When Jeffries finally does arrive, fully an hour late, he is apologetic and cheerful, with a grin on his angular face. After greeting the class enthusiastically in ancient Egyptian -- "Hautep!" -- and receiving a decidedly lukewarm "Hautep" back, he explains that he has been trying to retrieve his clothes from the laundry, but it has burned down.
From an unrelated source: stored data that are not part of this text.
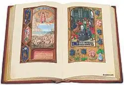 Noteworthy features of these miniatures are their three-dimensional realism and great sophistication, particularly those in the Passion cycle. The faces charged with emotion and the lively realism of the illuminated scenes make this manuscript one of the most outstanding works of Flemish art.
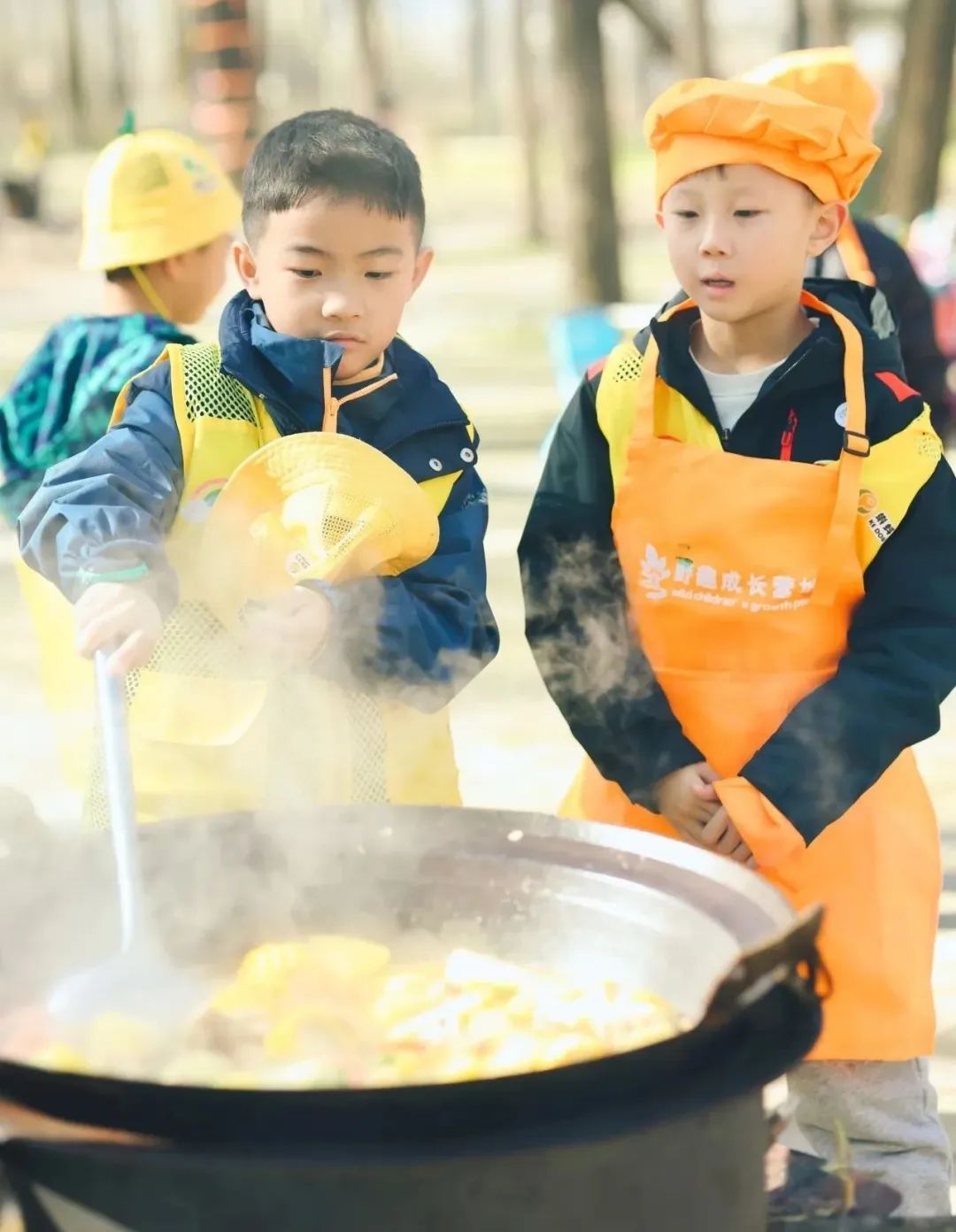 本活动午餐为亲子协作完成的荒野铁锅炖,营地提供一次性餐具;营地有热水,需自备水杯。
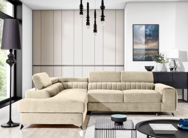 Rohová sedacia súprava Laurence vnesie do interiéru luxusný dizajn. Moderná sedacia súprava LAURENCE má dostatočný úložný priestor, je rozkladacia, ponúka pohodlné a široké sedenie. Spacia plocha o rozmere 210 x 125 cm. Sedacia súprava je celočalúnená aj zo zadnej strany. Lakťové opierky sú ozdobené prešívaním. Nožičky sedacej súpravy sú kovové, z chrómovanej ocele. Rohová sedacia súprava Laurence sa vyrába v rôznych farebných a materiálových prevedeniach.
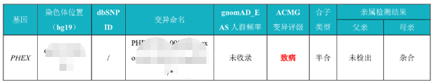 检测结果:在受检者 PHEX 基因上检测到 1 个半合无义变异,测序结果显示受检者该变异遗传自母亲,受检者父亲未检出该变异。PHEX 基因异常导致 X 连锁显性遗传的低磷性佝偻病(OMIM#307800)。
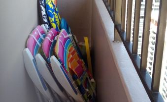 FTo keep the kids occupied the 7th floor also offers ping pong. Both charcoal and gas BBQ’s are available.  A large covered paved stone open air lanai is available for your enjoyment.  Just in case you need to wash a few clothes the 7th floor coin operated laundry has more than 20 washing and drying machines.  In building reserved parking is included at no extra charge. NOTE:  Diamond Head portion of deck closed for remodeling.
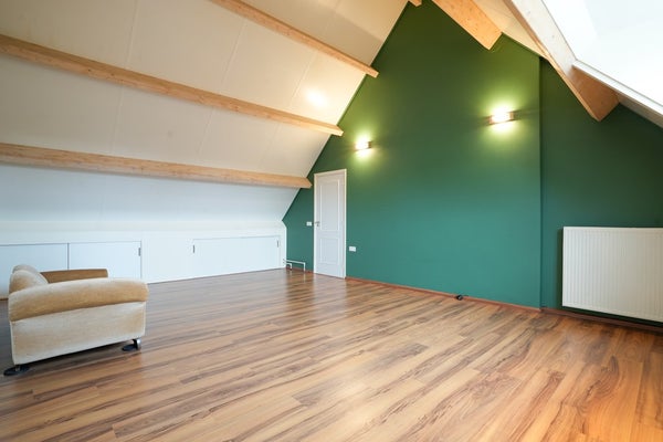 Er is een vaste trap naar de tweede verdieping, waar nog twee (slaap)kamers zijn. Beide slaapkamers hebben een royale maatvoering, bergruimte en een goede afwerking. De grootste kamer, met dakraam, biedt zicht tot in de nok. Boven het andere deel van deze etage is een bergzolder.
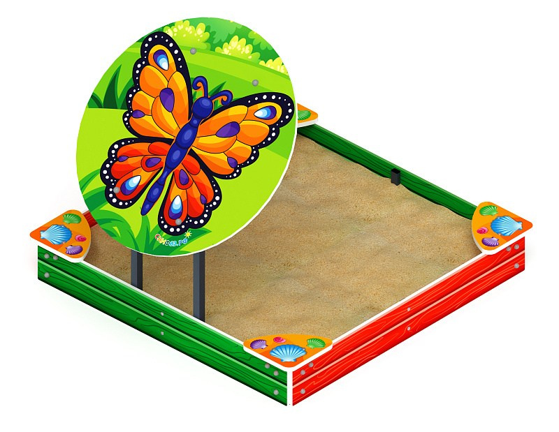 Песочница средняя с навесом Бабочка (Ракушки) - ИО 5.01.09-02 Габариты (ШхДхВ): 1920x1700x1500 Зона безопасности, мм: 2920х2700

According to Jeffries, the class will focus on African contributions to world civilization that have been ignored by Eurocentric scholars. He begins by scribbling a chalkboard chart featuring "the sun people" (i.e., people of color) at one corner of a triangle and "the ice people" (i.e., not people of color) at another. Next to the latter he jots down a few salient attributes: "individualist," "competitive," "exploitative." Jeffries explains that his chart "gives us a paradigm for looking at the world. We're not talking about superiority and inferiority, but we're talking about the important factor of melanin." Blacks have more melanin -- a skin pigment -- than whites; Jeffries asserts, "It allows us to negotiate the vibrations of the universe and to deal with the ultraviolet rays of the sun." He draws a smaller triangle with "RNA" and "DNA" at the corners and "melanin" on top. Another paradigm?

Returning to the large triangle, he offers a synthesis: "((This is)) the aspect of internal-external, the aspect of systems analysis the aspect of various bodies of knowledge that you have to master in order to quote this material and do what? Critically think," he answers decisively. "The idea is to get you to be critical thinkers."

As class breaks up, students gather around the professor and ask questions. Most are interested in how many papers they will have to write. A reporter asks for a clarification of the DNA-RNA-melanin triangle. "Well, for one thing," Jeffries replies, "you want to have the duality-polarity in life." Two or three students glance about nervously. "There's a mix," he says, and adds, his voice getting softer, "a mix of DNA, RNA, and there's a not-too- understood question of melanin, the organized molecule, in the beginning. And this is the relationship that produces the processes of life, the multiplicity of cells " Now several students are shooting embarrassed glances at one another. "So what we're trying to say is that there are deep things in biology, in psychology, in geometry, in philosophy, in theology, we don't understand." Uh-huh.